When Lalli says that he doesn't want him to feel like he has to take care of him if it's trouble, Onni looks over at him, brows still furrowed, shakes his head but doesn't open his mouth. Catches the words in his throat and holds onto them so he can say more later. But all that Lalli has left to say is a sheepish confession that he'd thought he was going to get a lecture and that's why he wouldn't talk to Onni.
Sighing, Onni pushes his hand through his hair again, and takes a few moments to gather his thoughts.]
Some of that is true. You are different from most people, how you act and think. I've always thought that. But it doesn't mean there's something wrong with you. That's just how you are.

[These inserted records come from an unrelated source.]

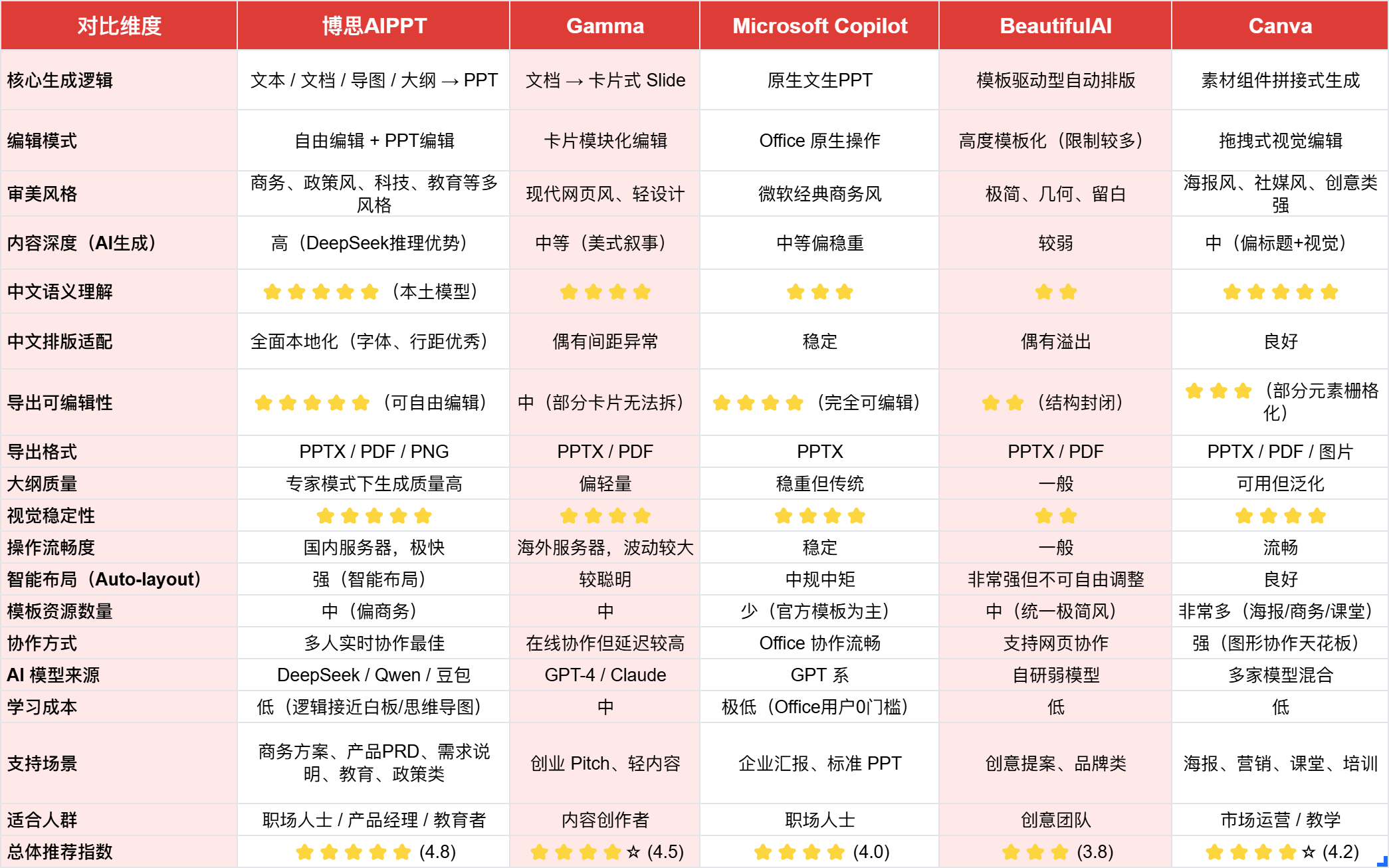 横向对比:5 款 AI PPT 美化工具哪款适合你?
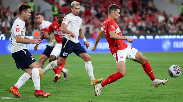 «Спартак» разгромил «Крылья Советов» в домашнем матче FONBET Кубка России — 4:1, отправив в ворота гостей три мяча до перерыва. Счет уже на второй минуте открыл Шамар Николсон: ямайский нападающий отличился в составе москвичей впервые за 697 дней.
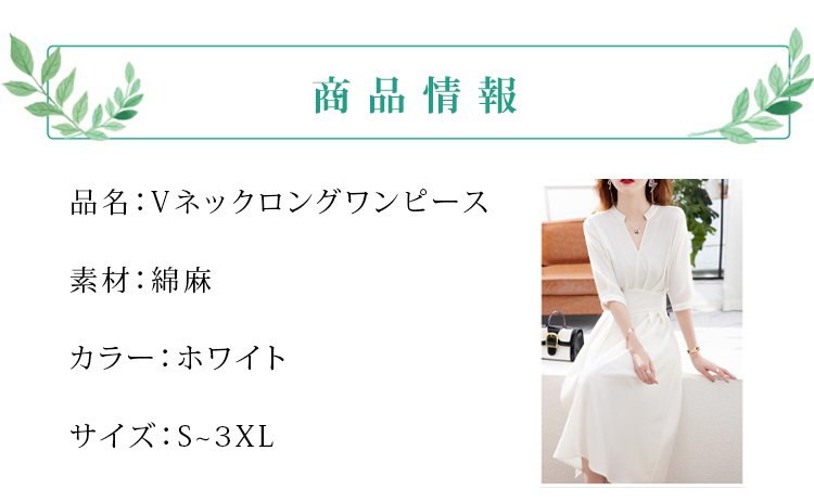 Vネックロングワンピース
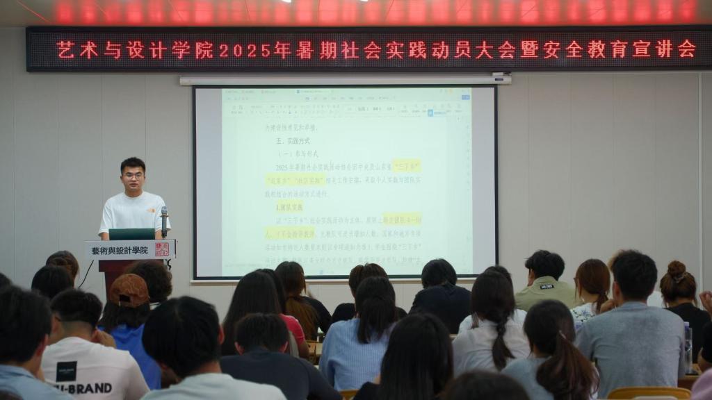此次动员大会暨安全教育宣讲会,系统锚定暑期社会实践目标任务,全面筑牢团队纪律与安全防线,为实践征程系紧“安全带”、织密“防护网”。下一步,公司将聚力推进有组织、有特色、有深度的社会实践,引领青年学子投身“三下乡”“返家乡”浪潮,以创意笔触描绘时代画卷、用艺术语言书写服务人民的青春史诗!(撰稿:袁俊霞;审核:张恬)
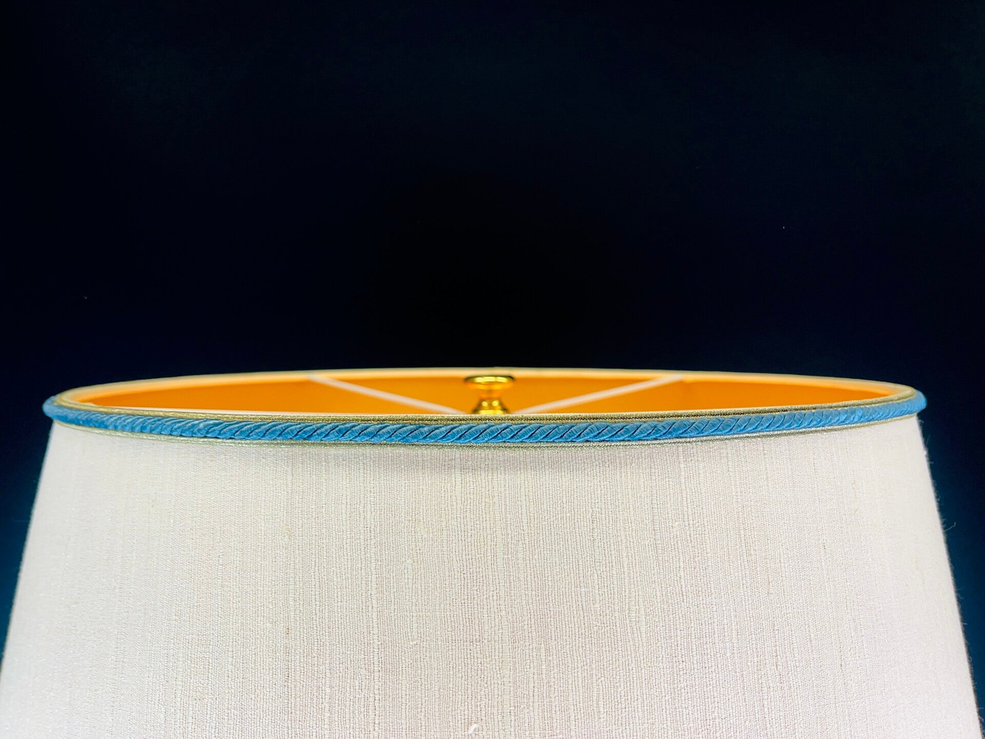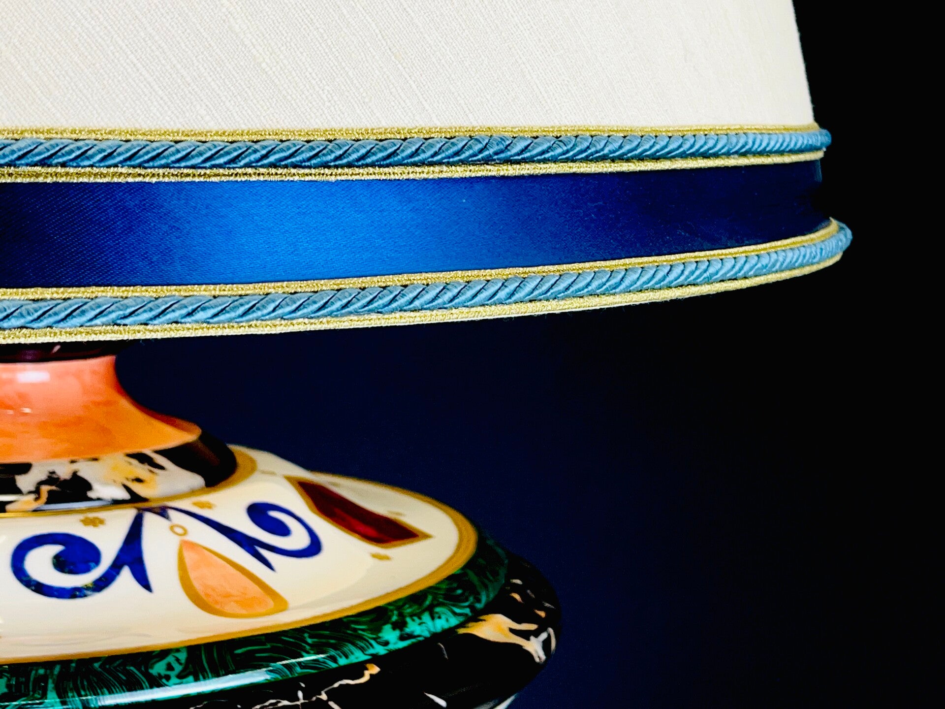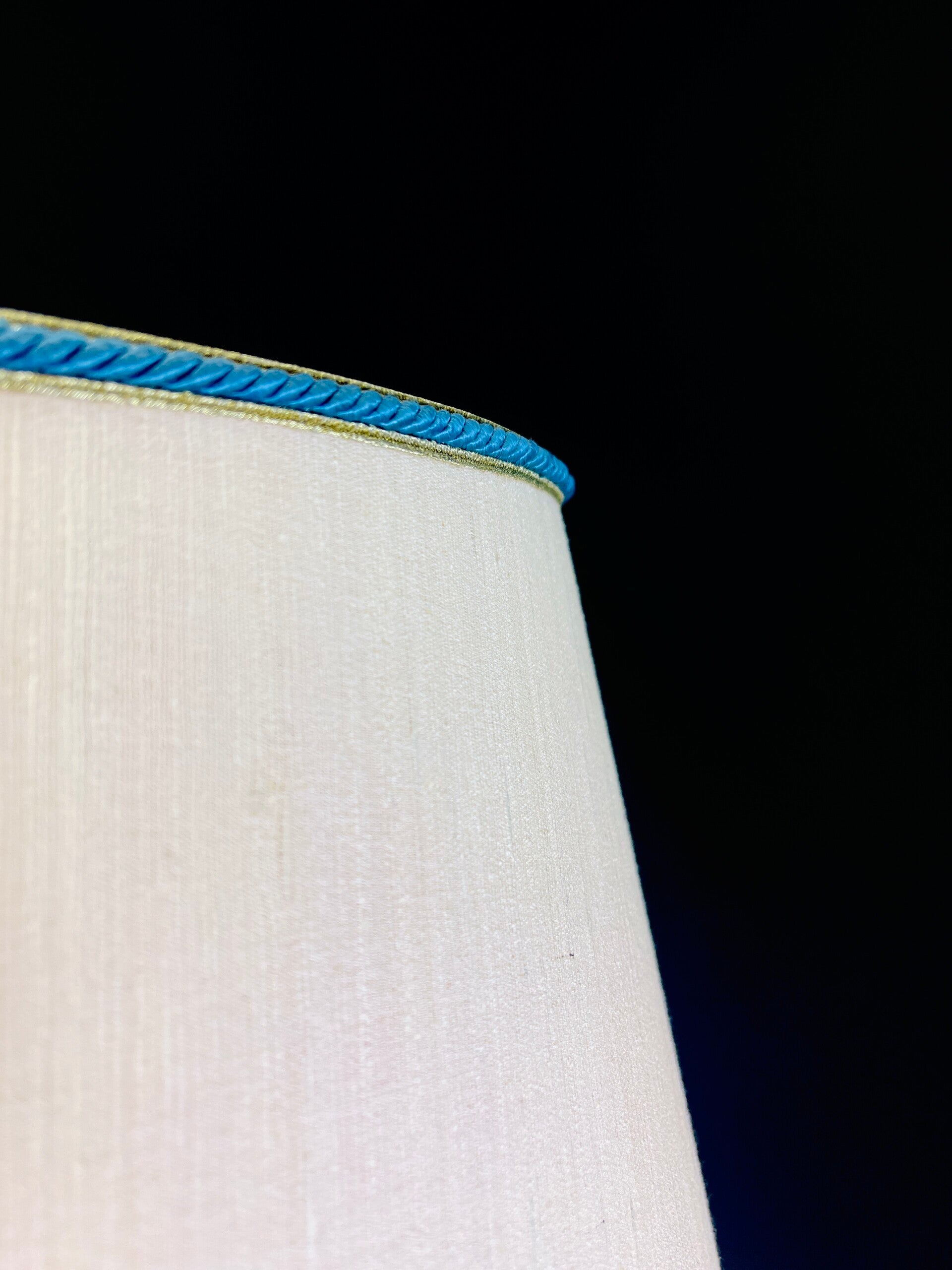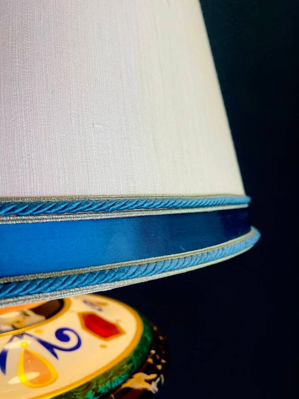 The lamp has a lampshade that was custom made by Mangani and fits perfectly with the theme, finished at the bottom with a wide band of satin fabric between two blue twisted cords and a gold rim. this was repeated at the top but without satin fabric. The lampshade is secured at the top with a brass screw cap. The satin band has small scratches in some places.

[Onni's eyes stay on Lalli's face, though he doesn't quite meet his eyes, and if he's being honest, that's as much for his own comfort as Lalli's right now.]
Sometimes it's hard to understand you, and to know what things you need and don't need from me, but...

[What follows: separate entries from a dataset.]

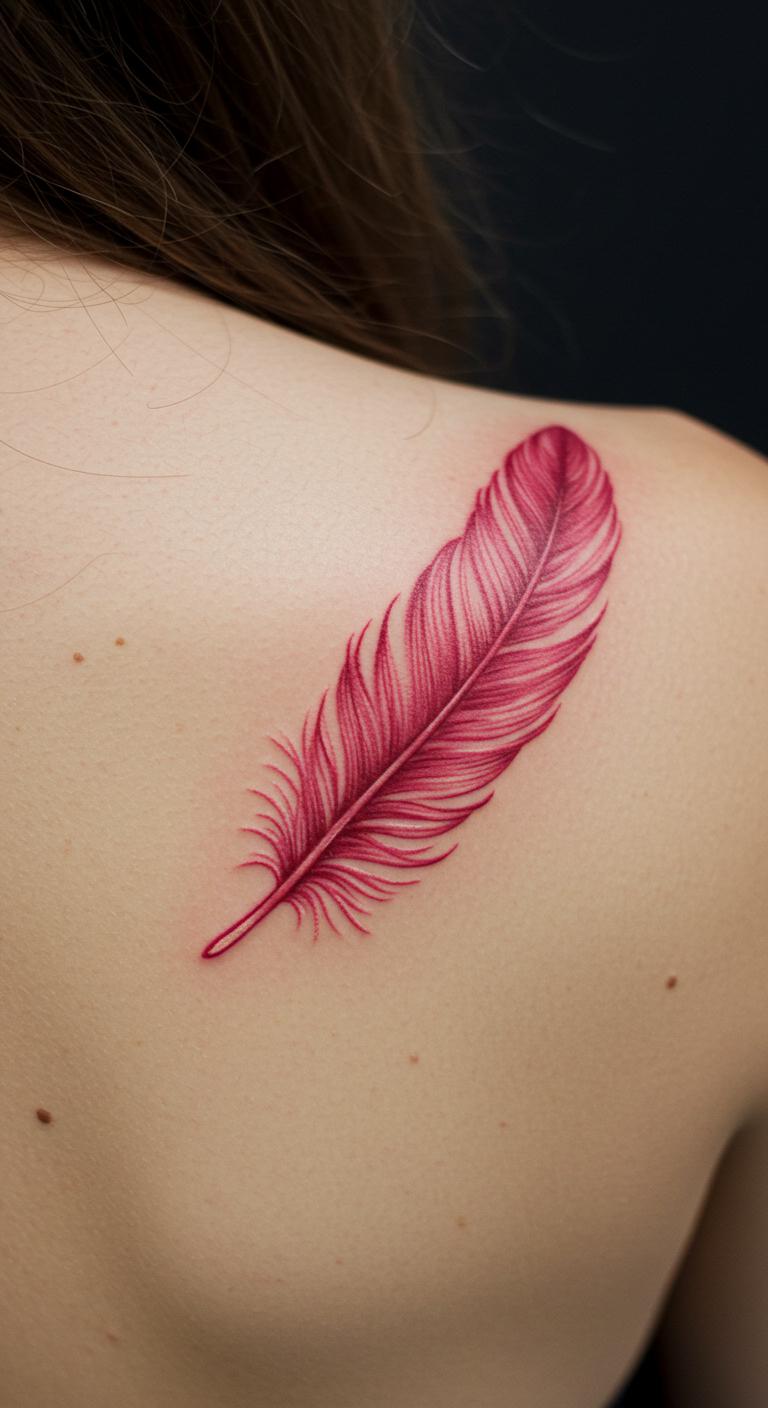 A red feather on your shoulder blade suggests freedom lightly. It fits under clothes when needed. Select the blade for a broad canvas. Feather sketches guide your choice. Find shoulder deals around $60. Try feather drawings with red pencils. Use flowing lines. Bold the key: red feather. Plan for two-week healing. Verify safe inks. Customize with feather details.
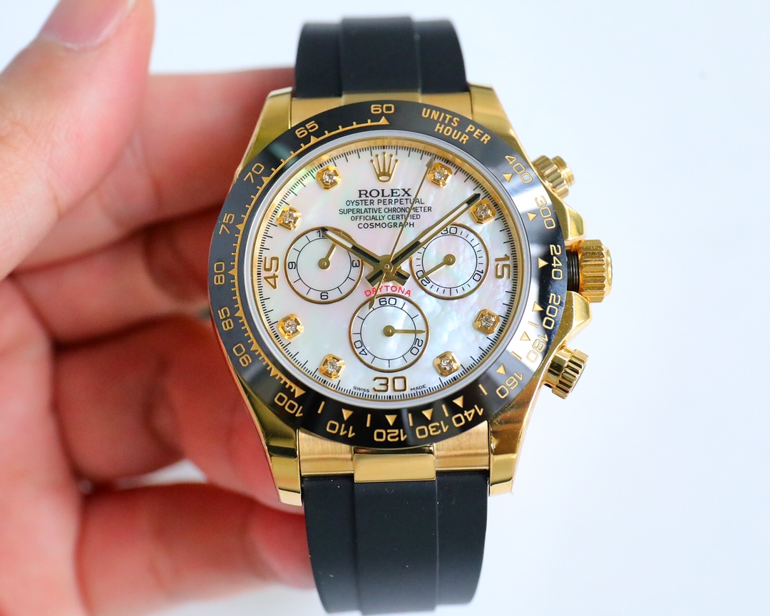 Super Clone Cosmograph Daytona White Mother of Pearl Diamond Yellow Gold Oysterflex Strap Mens Watch 116518LN 116518
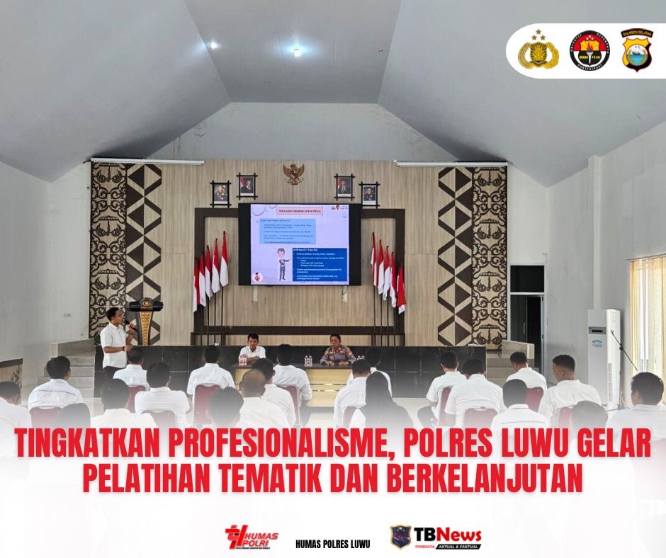 Tribratanewsliwu.co.id. | Luwu — Dalam upaya meningkatkan kemampuan dan profesionalisme personel, Polres Luwu menggelar kegiatan Latihan Kemampuan (Latkapuan) Pelatihan Secara Tematik dan Berkelanjutan, Senin (3/11/2025) di Aula Tobakketongangnge Polres Luwu.

[A pause, because he has to catch his breath, and he fiddles with a loose thread on the hem of his sleeve, taking a second to organize his mind.]
But that doesn't mean it's trouble for me to look after you. I'm tired because I'm always sad, but mostly because I'm always worried about you. About whether you're safe and okay and whether the people you're with when I'm not around will treat you the way they should.
[Another careful breath, and he tugs at the thread, feels some of the hem of his sleeve unravel, drops it before he does more damage. He's tired of doing damage.]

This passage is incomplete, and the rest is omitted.